What you will do =>
In the material below, pictures must be dropped. Repeat exactly, and only, the lines from the line with "フタを開けるとなかに潤滑液が" to the line with "Регистрационный номер: EK691", both ends included.

Dataset content =>
|---|

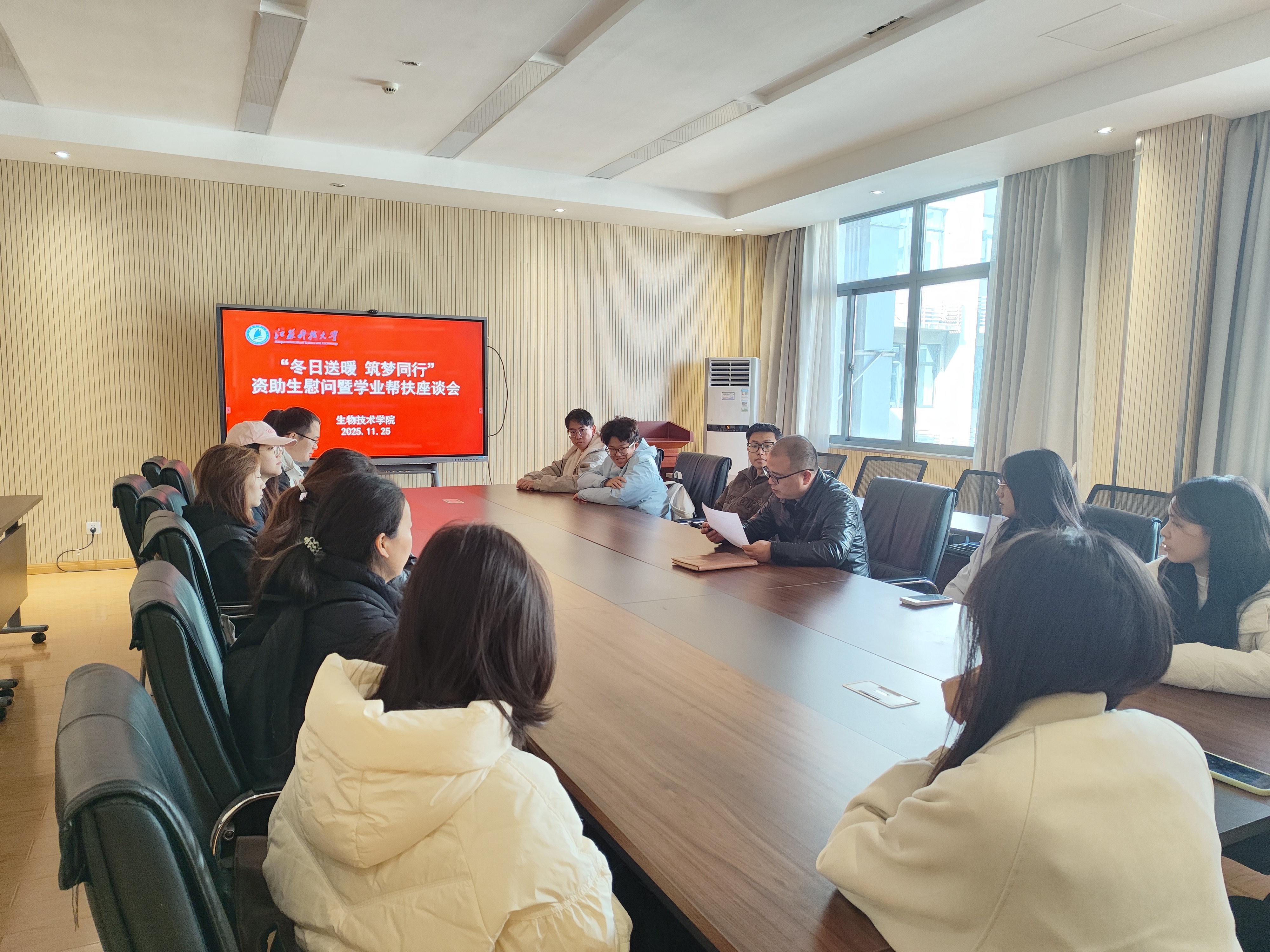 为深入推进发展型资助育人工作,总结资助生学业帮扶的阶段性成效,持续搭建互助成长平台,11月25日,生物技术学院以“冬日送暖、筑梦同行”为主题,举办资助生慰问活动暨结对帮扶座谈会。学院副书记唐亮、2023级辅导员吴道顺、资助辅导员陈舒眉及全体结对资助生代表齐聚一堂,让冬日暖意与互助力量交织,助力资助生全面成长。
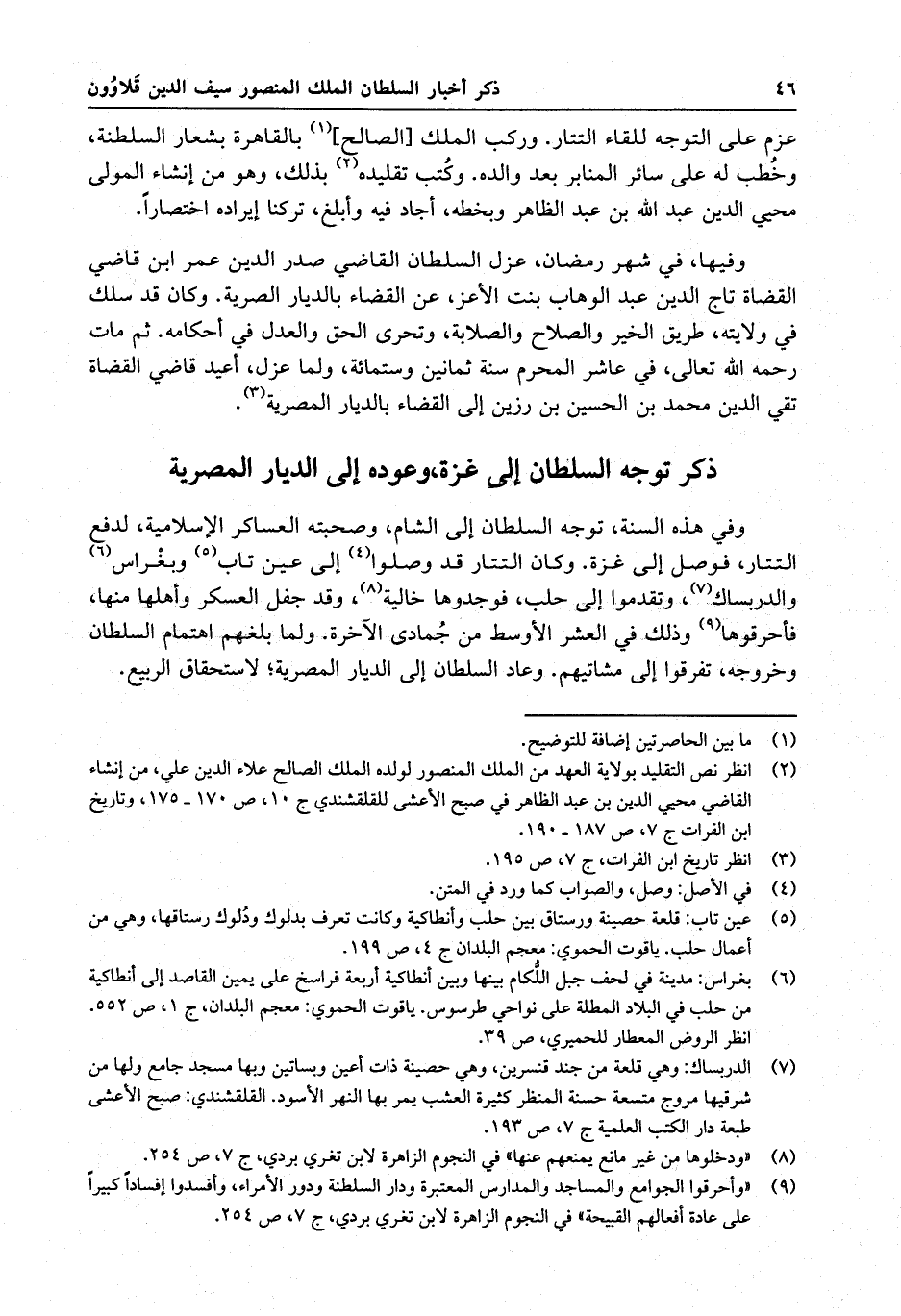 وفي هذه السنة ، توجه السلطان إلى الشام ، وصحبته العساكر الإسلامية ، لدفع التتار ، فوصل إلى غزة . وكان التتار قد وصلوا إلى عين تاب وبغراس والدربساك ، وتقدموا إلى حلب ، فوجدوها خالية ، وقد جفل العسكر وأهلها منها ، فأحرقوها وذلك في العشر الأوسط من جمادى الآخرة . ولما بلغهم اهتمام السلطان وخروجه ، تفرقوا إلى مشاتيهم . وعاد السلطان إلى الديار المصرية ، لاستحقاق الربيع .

|---|

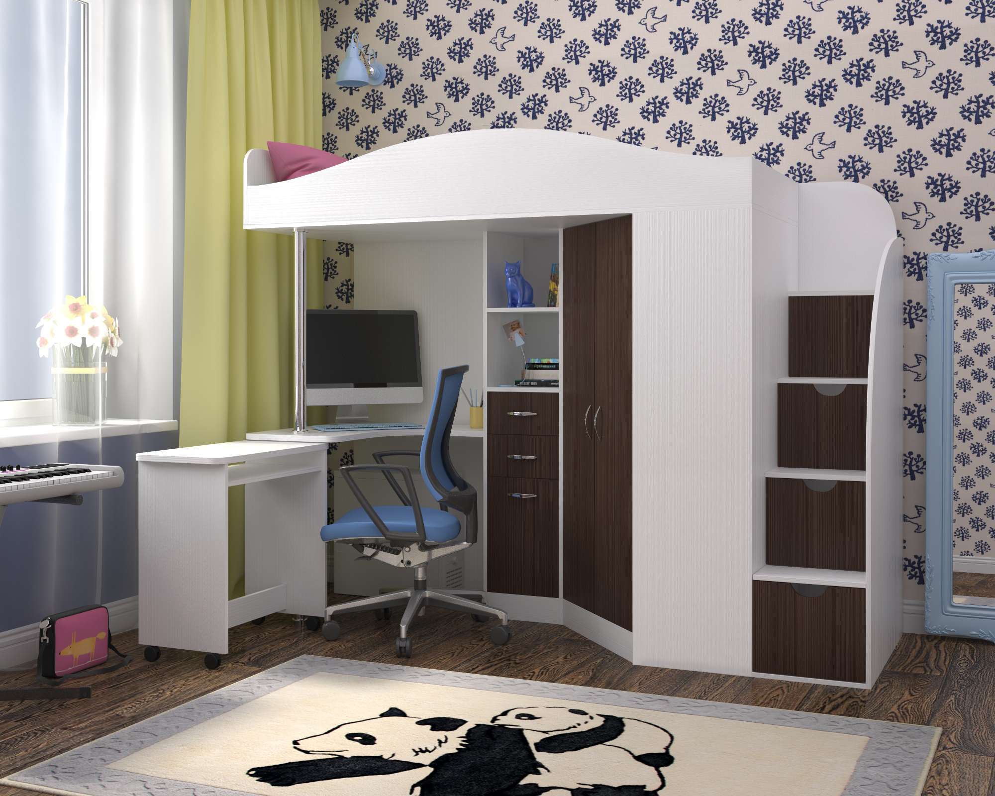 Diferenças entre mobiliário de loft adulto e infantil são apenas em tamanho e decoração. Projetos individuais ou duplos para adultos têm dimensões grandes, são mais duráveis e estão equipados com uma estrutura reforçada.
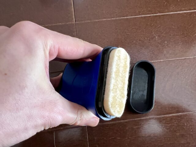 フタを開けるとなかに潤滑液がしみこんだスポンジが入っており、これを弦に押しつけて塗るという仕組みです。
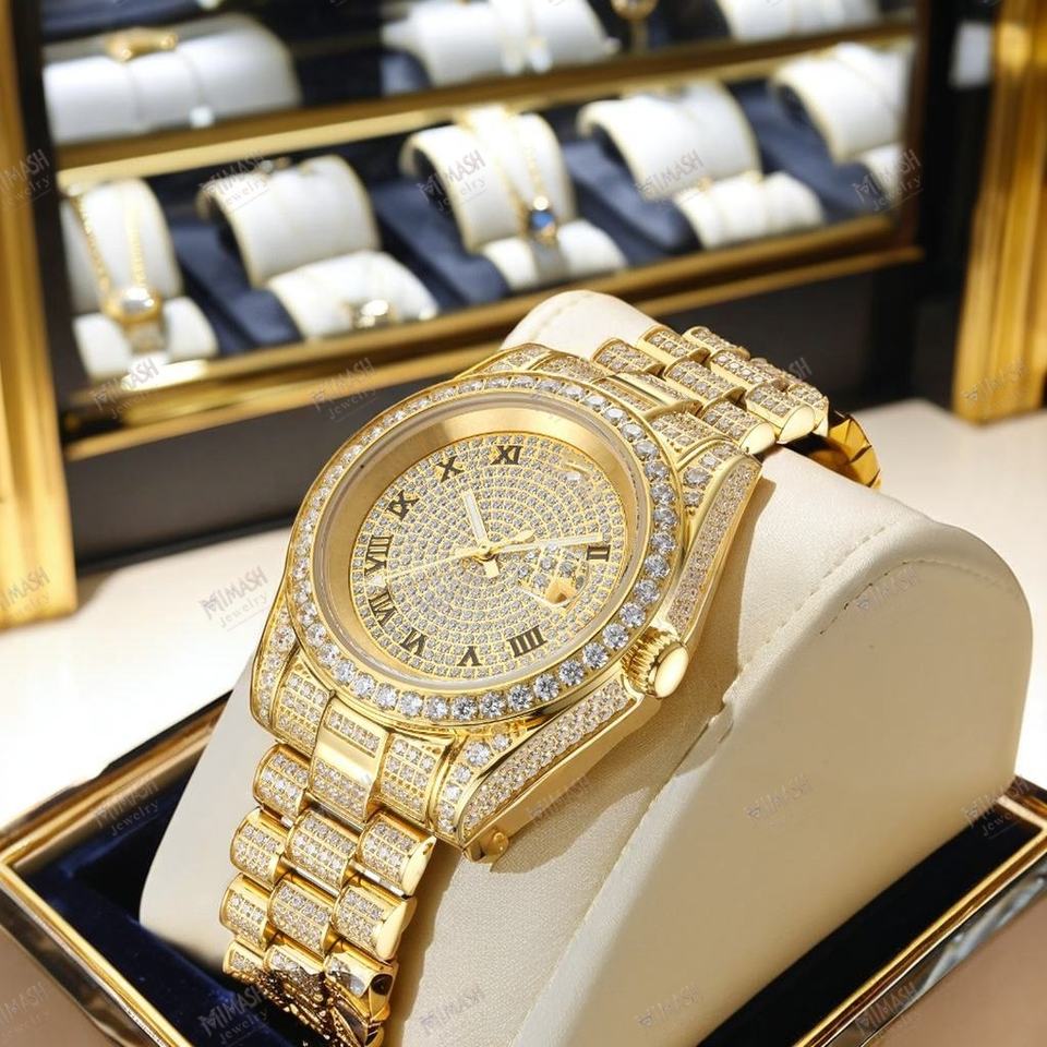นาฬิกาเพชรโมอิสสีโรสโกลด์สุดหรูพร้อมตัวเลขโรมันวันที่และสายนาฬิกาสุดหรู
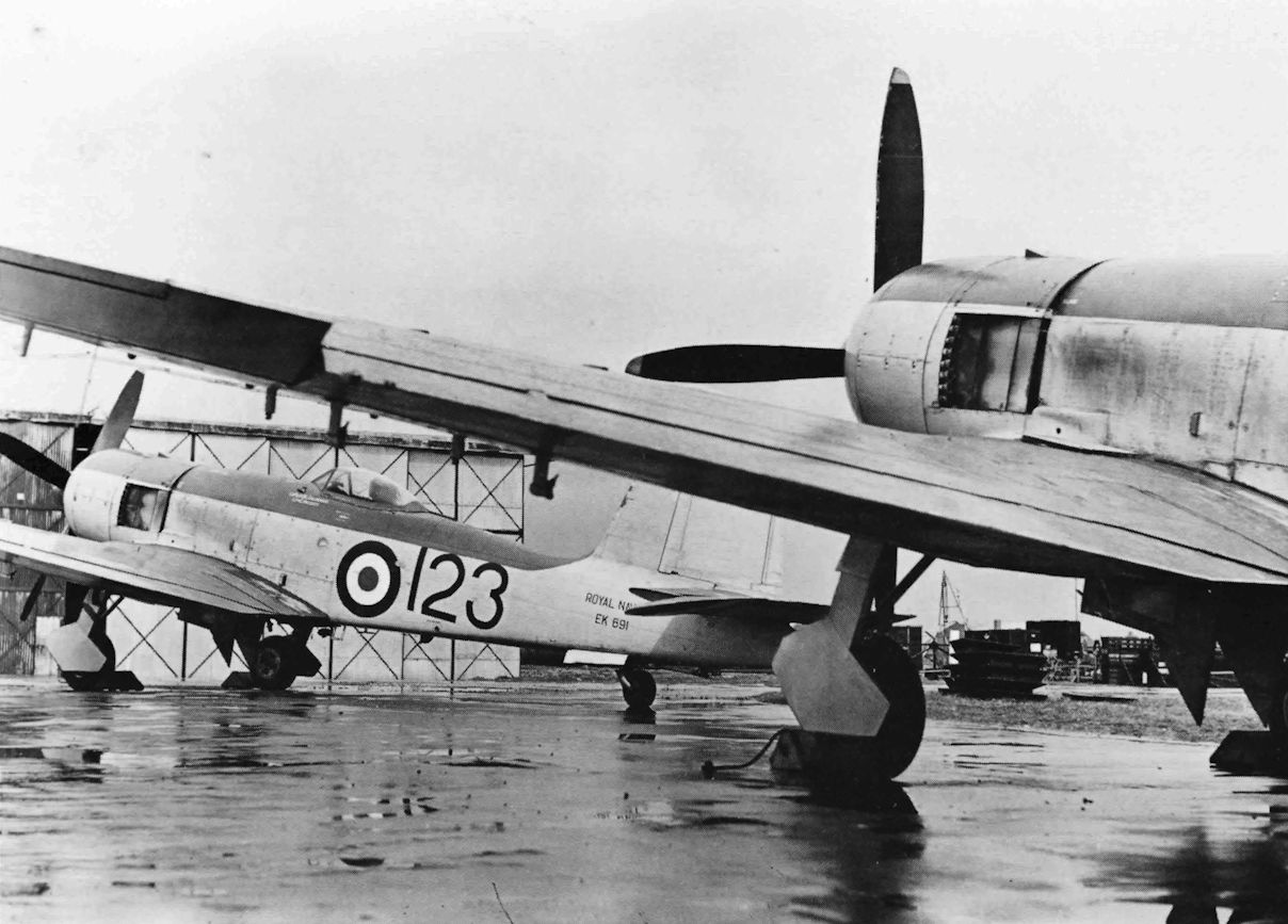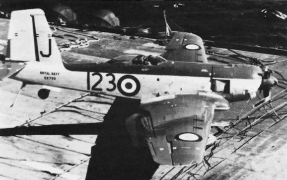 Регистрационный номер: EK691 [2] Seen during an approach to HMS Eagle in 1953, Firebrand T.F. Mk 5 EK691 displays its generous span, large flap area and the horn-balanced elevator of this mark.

|---|

Response to the exercise =>
 フタを開けるとなかに潤滑液がしみこんだスポンジが入っており、これを弦に押しつけて塗るという仕組みです。
นาฬิกาเพชรโมอิสสีโรสโกลด์สุดหรูพร้อมตัวเลขโรมันวันที่และสายนาฬิกาสุดหรู
 Регистрационный номер: EK691 [2] Seen during an approach to HMS Eagle in 1953, Firebrand T.F. Mk 5 EK691 displays its generous span, large flap area and the horn-balanced elevator of this mark.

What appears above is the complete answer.